Lula recebeu a faixa presidencial das mãos de uma mulher negra. Emocionado, Lula vestiu a faixa e acenou aos presentes na Praça dos Três Poderes, repleta de apoiadores. Ele foi ovacionado no salão Nobre do Planalto.(Foto:© Getty Images)
Lula sobe a rampa do Palácio e recebe faixa presidencial das mãos de mulher negra

O presidente Luiz Inácio Lula da Silva (PT) subiu a rampa do Palácio do Planalto neste domingo, 1º, acompanhado por cidadãos que representam “a riqueza e a diversidade do povo brasileiro”, como afirmou o cerimonial da posse. Além disso, também levou em uma coleira a cachorra Resistência, adotada por ele e pela primeira-dama, Rosângela da Silva, a Janja, no período em que ele esteve preso em Curitiba.
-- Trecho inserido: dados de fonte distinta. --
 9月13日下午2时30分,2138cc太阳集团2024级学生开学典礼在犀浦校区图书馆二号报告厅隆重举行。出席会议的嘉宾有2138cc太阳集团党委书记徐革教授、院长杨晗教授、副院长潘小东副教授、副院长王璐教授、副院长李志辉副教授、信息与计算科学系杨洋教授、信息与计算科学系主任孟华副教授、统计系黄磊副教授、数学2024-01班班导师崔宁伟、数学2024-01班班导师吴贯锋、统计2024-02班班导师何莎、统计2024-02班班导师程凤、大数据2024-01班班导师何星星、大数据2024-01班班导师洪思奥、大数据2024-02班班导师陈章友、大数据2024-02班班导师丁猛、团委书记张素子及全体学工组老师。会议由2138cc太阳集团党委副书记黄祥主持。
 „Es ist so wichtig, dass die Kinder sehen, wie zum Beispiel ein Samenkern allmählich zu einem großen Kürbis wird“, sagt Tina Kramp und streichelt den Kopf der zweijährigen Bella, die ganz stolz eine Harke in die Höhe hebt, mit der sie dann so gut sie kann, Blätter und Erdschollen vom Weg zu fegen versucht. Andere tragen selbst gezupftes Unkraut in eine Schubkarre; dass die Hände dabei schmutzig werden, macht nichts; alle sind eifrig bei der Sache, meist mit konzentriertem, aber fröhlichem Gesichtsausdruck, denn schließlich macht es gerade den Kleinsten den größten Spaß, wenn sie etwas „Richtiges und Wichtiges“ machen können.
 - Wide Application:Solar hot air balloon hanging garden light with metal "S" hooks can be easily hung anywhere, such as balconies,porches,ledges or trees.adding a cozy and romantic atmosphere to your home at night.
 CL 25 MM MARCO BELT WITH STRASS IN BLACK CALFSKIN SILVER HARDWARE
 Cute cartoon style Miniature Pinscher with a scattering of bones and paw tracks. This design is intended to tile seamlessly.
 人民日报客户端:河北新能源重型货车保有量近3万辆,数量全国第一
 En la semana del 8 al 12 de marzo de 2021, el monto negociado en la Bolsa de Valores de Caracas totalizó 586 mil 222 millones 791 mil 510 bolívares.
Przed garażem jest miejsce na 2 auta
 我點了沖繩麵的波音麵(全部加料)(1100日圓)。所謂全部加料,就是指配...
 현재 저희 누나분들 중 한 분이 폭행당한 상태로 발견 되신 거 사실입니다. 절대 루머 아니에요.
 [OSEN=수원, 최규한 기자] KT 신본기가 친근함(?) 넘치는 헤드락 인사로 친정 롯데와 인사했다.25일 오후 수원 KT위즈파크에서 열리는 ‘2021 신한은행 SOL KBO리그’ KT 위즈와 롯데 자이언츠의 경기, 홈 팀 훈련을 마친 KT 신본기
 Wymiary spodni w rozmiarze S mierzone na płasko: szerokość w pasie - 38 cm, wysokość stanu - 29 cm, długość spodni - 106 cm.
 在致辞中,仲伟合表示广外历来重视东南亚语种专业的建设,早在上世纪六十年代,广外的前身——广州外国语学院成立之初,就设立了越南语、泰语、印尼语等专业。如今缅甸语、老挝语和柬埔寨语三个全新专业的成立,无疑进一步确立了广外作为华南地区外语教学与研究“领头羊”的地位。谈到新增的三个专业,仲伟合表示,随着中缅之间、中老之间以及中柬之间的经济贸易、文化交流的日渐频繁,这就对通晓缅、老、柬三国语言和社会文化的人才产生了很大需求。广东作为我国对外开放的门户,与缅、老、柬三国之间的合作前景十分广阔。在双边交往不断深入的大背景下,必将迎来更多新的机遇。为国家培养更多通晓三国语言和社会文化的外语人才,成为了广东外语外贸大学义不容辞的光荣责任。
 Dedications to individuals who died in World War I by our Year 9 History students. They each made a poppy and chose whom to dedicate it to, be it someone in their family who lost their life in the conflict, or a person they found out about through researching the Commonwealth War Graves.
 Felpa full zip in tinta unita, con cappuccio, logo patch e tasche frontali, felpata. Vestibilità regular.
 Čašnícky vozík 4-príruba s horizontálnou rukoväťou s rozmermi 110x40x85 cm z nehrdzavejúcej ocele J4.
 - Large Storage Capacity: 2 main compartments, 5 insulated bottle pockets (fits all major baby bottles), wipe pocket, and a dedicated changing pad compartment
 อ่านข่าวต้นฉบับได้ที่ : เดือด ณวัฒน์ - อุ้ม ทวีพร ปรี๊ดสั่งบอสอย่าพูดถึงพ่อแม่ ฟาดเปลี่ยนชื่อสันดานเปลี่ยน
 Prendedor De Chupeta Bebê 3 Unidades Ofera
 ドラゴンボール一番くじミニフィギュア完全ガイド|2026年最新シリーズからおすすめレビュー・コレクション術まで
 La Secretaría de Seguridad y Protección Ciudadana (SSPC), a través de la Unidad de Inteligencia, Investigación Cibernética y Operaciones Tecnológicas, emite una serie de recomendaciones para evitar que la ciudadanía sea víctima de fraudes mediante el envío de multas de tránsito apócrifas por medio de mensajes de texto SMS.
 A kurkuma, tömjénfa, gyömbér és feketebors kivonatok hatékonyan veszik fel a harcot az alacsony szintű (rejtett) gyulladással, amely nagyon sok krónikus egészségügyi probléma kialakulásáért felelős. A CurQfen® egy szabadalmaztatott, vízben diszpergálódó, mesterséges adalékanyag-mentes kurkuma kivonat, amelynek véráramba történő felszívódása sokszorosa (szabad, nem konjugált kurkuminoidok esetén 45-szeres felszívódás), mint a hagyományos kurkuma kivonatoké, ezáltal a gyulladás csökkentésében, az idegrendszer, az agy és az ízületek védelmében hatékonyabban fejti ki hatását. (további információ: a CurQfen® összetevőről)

Lula recebeu a faixa presidencial das mãos de uma mulher negra. Emocionado, Lula vestiu a faixa e acenou aos presentes na Praça dos Três Poderes, repleta de apoiadores. Ele foi ovacionado no salão Nobre do Planalto.

O presidente subiu a rampa acompanhado de representantes de diferentes grupos sociais, como o cacique Raoni, além de uma criança e uma pessoa portadora de deficiência física.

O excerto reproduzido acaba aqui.